Consider a Condo
If you're considering a change of lifestyle, nothing can make more difference than a new kind of housing.
Approximately 80 percent of homes sold are detached, according to the National Association of REALTORS. People like the privacy, space, and amenities of a single-family home, including large yards, multiple garages, and bonus rooms.
But there’s another way to live that might suit your situation even better. While a home is a castle, you can have a lot more freedom if you share at least one wall with others.
The price? More people around, and a few rules to obey, but hey - that could be fun.
Spend time traveling instead of mowing the lawn. Kids gone? Downsize instead of dusting stuff you don’t use. Want an in-house pool or exercise room? Share the cost with your fellow homeowners, instead of shouldering the costs yourself.
Make life simple.
In 2008, condos accounted for 11.5% of transactions, while townhomes and rowhouses were 8% of transactions. Yet, only 48% of home buyers have children under the age of 18, one of the most compelling reasons to purchase a single-family home.
Young singles are busy building careers and waiting until their mid-to-late 20s to marry and form families. And the largest population – the baby boomers – are now empty nesters. That means that the market for attached homes – condos, townhomes, row houses may be growing, constituting a good buy.
Contrary to popular belief, you can enjoy all the benefits of single-family ownership in an attached home. For example, you buy a fee simple townhome or rowhome in which you own the building and the grounds, but you may still be subject to homeowner association (HOA) rules that prevent you from painting your front door purple when everyone else’s is red.
In condominiums, homeowners own individual units of a building or property such as an apartment within a high-rise, or a single-family townhome in a community. They also jointly own common parts of the property such as the grounds, parking lot and the building itself.
Because of shared ownership and responsibility, condos are frequently managed by a property management company hired by the homeowners association.
Homeowners pay dues, usually one to four times a year, to fund the upkeep of the building and grounds, and pay employees such as bellmen, porters, and guards. Dues include payment toward immediate expenses and escrows for future maintenance such as roof replacement, so that owners can avoid expensive special assessments.
In the past, when home buyers were dominated by married couples with children, condos and townhomes weren't the preferred home for families, unless they were located in highly populated areas where shared wall housing is dominant. Condos and townhomes were also preferred as second homes or vacation homes where occupancy periods would be brief.
Some home buyers may be skeptical about condominiums and townhomes because of their strong appeal to speculators and investors. Like you, they don’t want maintenance and prefer homes with amenities to attract renters and buyers.

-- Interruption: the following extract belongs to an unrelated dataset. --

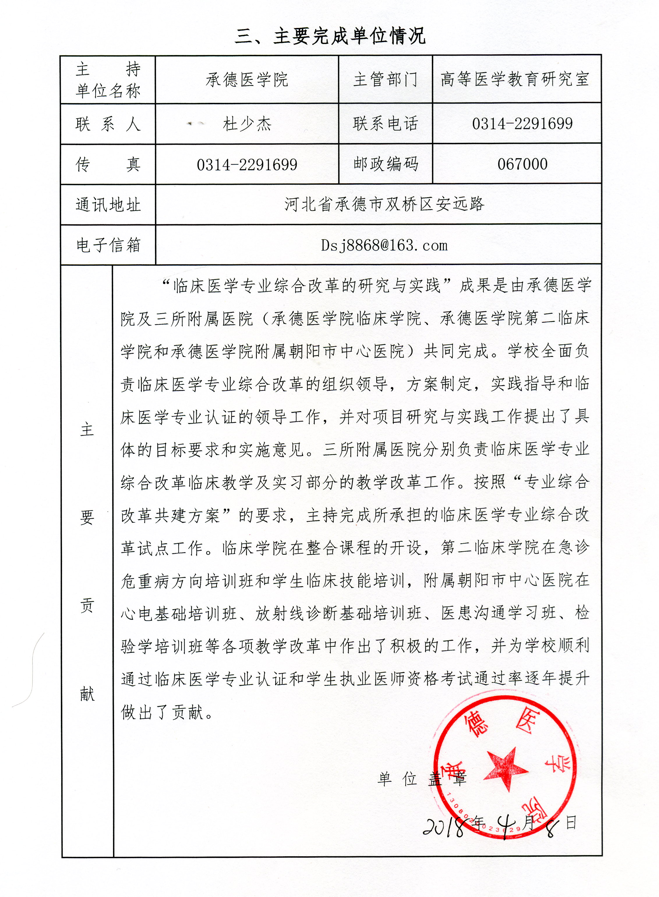 学校简介 承德医学院是一所隶属河北省政府领导的高等医学本科院校。创建于1945年9月,时称冀东军区卫生学校;1948年成为为中国医科大学第四分校;1949年5月,入驻热河省省会—承德,更名热河医学院;1982年12月,升格为本科院校,定名为承德医学院。1996年9月,通过国家本科教学合格评估。2001年河北省农林科学院特产蚕桑研究所并入我校。2003年7月,被国务院学位委员会批准为硕士学位授权单位。2006年10月,新校区投入使用并迁入新校区。2007年9月,在国家教育部高等院校本科教学工作水平评估中获得优秀。2013年11月,顺利通过国家教育部临床医学专业认证。学校2015年荣获“全国文明单位”称号,2017年通过“全国文明单位”复查验收,继续保留“全国文明单位”称号;附属医院2017年荣获“全国文明单位”称号 。 学校现有教职工2238人(含直属附属医院),其中专业技术人员1863人,正高职称203人、副高职称429人,博士和硕士1233人。现有专任教师1006人。有享受国务院特殊津贴专家、全国优秀教师、河北省突贡专家、省级教学名师、省级青年学科带头人、百人计划特聘专家、省“三三三人才工程”和中青年骨干教师70余人。有硕士研究生导师500多人,博士研究生导师7人,还聘请了40余名国内外知名学者为客座教授。2014年院士工作站获得批准成立。 现有本、专科在校生及全日制研究生9482人,来自全国28个省(自治区、直辖市)。其中在读硕士研究生723人,留学生248人。2006年开始招收外国留学生,2007年开始选送护理专业(专科)学生赴新加坡留学并获全额奖学金。与丹麦哥本哈根大学、日本札幌市立大学、韩国又石大学、美国印第安纳Dabney大学、马来西亚马来亚大学、意大利卡梅里诺大学等在内的多所国际性大学签署学生交流合作协议。 学校现有临床医学、中西医临床医学、中医学、护理学、医学影像学、麻醉学、中药学、应用心理学、针灸推拿学、康复治疗学、生物信息学、生物医学工程等12个本科专业和临床医学、护理学、医学影像技术、医学生物技术等4个专科专业。直属附属医院1所,非直属附属医院25所,教学实习医院64所,总床位达68000余张。有临床学院、护理学院、继续教育学院、基础医学院、中医学院、研究生学院、国际教育学院等7个学院及中药学系、心理学系、生物医学工程系、社会科学部、公共体育部、外语教学部等6个教学系部。 学校现有临床医学、基础医学、中药学三个硕士授权一级学科,涵盖了24个二级学科,其中临床医学、中药学、护理为专业学位授予学科。学校现有国家中医药管理局“十一五”重点专科1个、省级重点学科和重点发展学科8个、省级医学重点发展学科4个、省级临床重点专科建设(培育)单位17个、校级重点学科26个;临床医学、中药学、护理、中医、应用心理为专业学位授予学科,涵盖32个二级学科;国家级特色专业建设点2个、河北省本科教育创新高地2个、河北省品牌特色专业2个、省级“专业综合改革试点”项目3个;临床医学为地方高校第一批本科专业综合改革试点;卓越医生教育培养计划项目1个;卓越医生(中医)教育培养计划项目1个;省级精品课程9门;省级精品资源共享课程1门;省级精品在线开放课程2门;省级实验教学示范中心4个;河北省优秀教学团队1个;河北省大学生校外实践教育基地1个。 学校占地面积76.62万平方米,总建筑面积26.55万平方米;固定资产8亿元;教学科研仪器设备总值1.92亿元。中外文适用图书78.01万册。纸质期刊510种,拥有电子图书285万册和电子资源数据库10个(中国知网、万方数据库、超星读秀及百链学术搜索、EBSCO外文库、重庆聚合、新学术外文期刊、中文在线、新东方英语、高校考研互动精品课程、银符在线考试网)。 毕业生社会声誉良好。学校本科学生在全国大学生英语四级考试中,连续5年一次通过率在90%以上,在全国高校中处于领先地位。多次在河北省医学院校临床技能考核中,获得全省第一名。近年来,毕业生参加国家执业医师资格考试,通过率高于全国平均通过率5-13个百分点。建校70年来,学校培养3万余毕业生。大多数人已成为基层医疗单位的业务骨干和学科带头人。 学校秉承“仁爱至诚 知行合一”的办学理念,坚持“以学生为本,全心全意为学生成长成才服务”的理念关心学生,全员育人、全过程育人、全方位育人,把立德树人作为学校的根本任务。 主要贡献

And that’s the downside potential. Condominiums and townhomes can be considered greater risks than single-family homes. Banks won't loan money to home buyers in buildings where there are too many rentals. Worse, when a housing market falls, condos tend to fall harder and faster in value than single-family homes, causing desperate owners to rent their units, thereby justifying lenders' and Realtors' worst fears that condos are a poor investment.
But things change. Attitudes change.
Homebuyer demographics are changing, no one's making any more land, and many homebuyers prefer multifamily home environments.

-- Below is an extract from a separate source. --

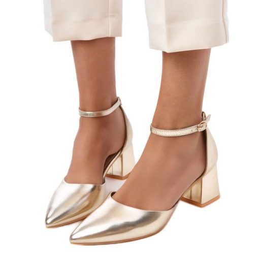Złote czółenka na słupku zapinane na kostce Keris złoty. Sprawdź na butymodne.pl! Czółenka damskie od Innej marki w świetnej cenie. Promocje oraz darmowa dostawa.

According to a 2006 study by the Mortgage Bankers Association, most condos are in single-family structures like townhomes, they're in the suburbs, and they're more than two thirds occupied by owners, not renters.
There's more. Consider the following:
- In 2006, the number of married households fell to 48 percent, according to the U.S. Census, making more singles and non-traditional households the majority of housing consumers.
- Households are increasingly headed by singles. Young people are delaying marriage. The Census Bureau says that women today marry after age 26, while women in 1960 married at age 20. Half of marriages end in divorce.
- Single female and single male home buyers make up nearly a third of the housing market. Single females make up 42 percent of condo buyers. Single males make up 20 percent, while married couples constitute 30 percent of condo buyers.
- The Tax Relief Act of 1997 introduced unprecedented liquidity and mobility to the housing market, making it possible for more people to own a home, occupy it for a minimum of two years, and move out in two years without taking a tax hit.
- Condo buyers (median age: 43) are older than single-family home buyers (median age 41.) The median age of condo buyers skews older because condos attract the bookends of the housing market -- first-time buyers, and empty-nesters (boomers) and retirees.
- Condominium buildings offer products not easily found in single-family homes such as one-bedroom, one-bath configurations which appeal to singles and first-time homebuyers.
- One out of ten homeowners owns a second home, often a condominium in the city or a favorite vacation spot.
- Investors are 1/5 of the market.
- Multi-family construction is down further than single-family, positioning attached homes for a potential boom.
- The tenure in condos is shorter (4 years in buildings with 5 or more units), while the median for detached single family homes is 6 years, making it the ideal product between renting and owning a single-family home.
All of the above suggest a strong future for condos, as long as they aren’t overbuilt. Attached homes aren't about buying something smaller and cheaper. They're about lifestyle.